Non sento più il tempo.Solo il freddo umido del pavimento, il battito del mio cuore quando sento la porta aprirsi.
Sono qui dentro da più di un giorno, credo. O forse di più.
Nel bagno pubblico della stazione abbandonata. Cabina senza porta. Muro pieno di muffa.
Il trench ormai è solo uno straccio zuppo sotto di me.
Il perizoma è strappato, il mio cazzo molle pende tra le gambe, gocciolante di liquidi sconosciuti. Le calze autoreggenti sono lacerate, tirate giù fino alle ginocchia. I tacchi? Uno è rotto. L’altro mi tiene in punta come una statua.
Sono diventata parte del bagno.
Hanno scritto sul muro sopra la mia testa:
“USA LA TROIA. NON FARTI PROBLEMI. È DI TUTTI.”
“PER BOCCA, PER CULO, PER LA FACCIA.”
“LASCIA IL TUO SEGNO.”
E i segni ci sono.
Addosso. Dentro.
Sborra secca sulle tette, sul ventre, sulle cosce.
Piscia nei capelli, nel culo, sulla lingua.
Sputi negli occhi, saliva tra le dita, dita nel culo anche mentre dormo.
Sì, perché a un certo punto ho perso conoscenza.

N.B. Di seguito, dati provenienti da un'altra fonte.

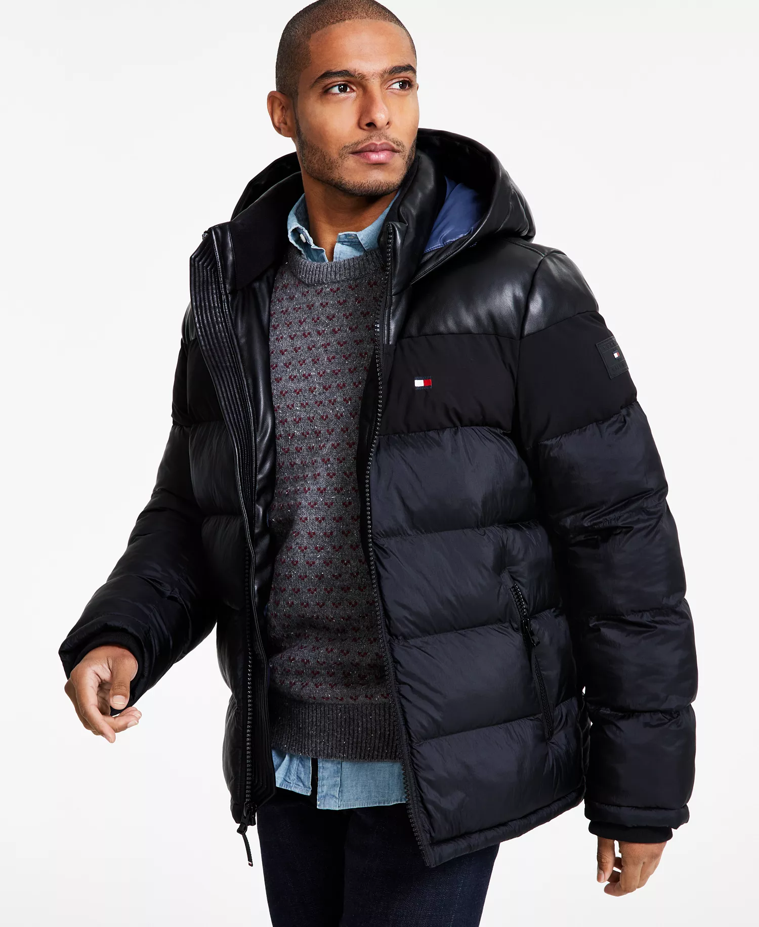 Give your dad a fashion boost with this ribbed sweater. Storm cuffs keep you warm, while wind and water-resistant materials help keep you dry. The attached hood, lined with cozy microfleece, provides added comfort and protection.

E quando mi sono svegliata, qualcuno mi stava ancora scopando.
Un cazzo ruvido che entrava piano nel mio buco molle, già devastato, mentre un altro uomo mi teneva la testa ferma, come se fossi una bambola rotta.
«Sta dormendo, guarda… e viene lo stesso», ha sussurrato uno.
Avevano ragione.
Il mio cazzo colava, duro anche nel sonno.
E lo hanno ripreso.
Con i cellulari.
Mi hanno filmata mentre venivo svenuta, mentre mi pisciavano in bocca, mentre mi montavano in due, in tre, come un oggetto da usare e buttare.
«Questa è arte. La puttana del bagno, il monumento al vizio.»
Un camionista ha lasciato una bottiglia con dentro il suo piscio e l’ha fatta scendere piano nella mia bocca mentre teneva il naso tappato.
Ho ingoiato tutto.
Caldo, stagnante, salato.
E io gemivo.
Ero in estasi.
Il mio corpo era coperto di segni.
Morsi. Graffi. Macchie.
Il mio culo era sempre aperto, colante. Il mio viso unto. Le tette lucide di sborra, sporche di piscia e fango.
Mi avevano anche infilato un preservativo usato in bocca.
Uno ha scoreggiato direttamente nel mio ano, con forza, mentre un altro mi pisciava sui piedi.
Ho sentito gente venirmi addosso senza neanche svestirsi.
Solo aprivano la zip, e spingevano dentro, fino in fondo.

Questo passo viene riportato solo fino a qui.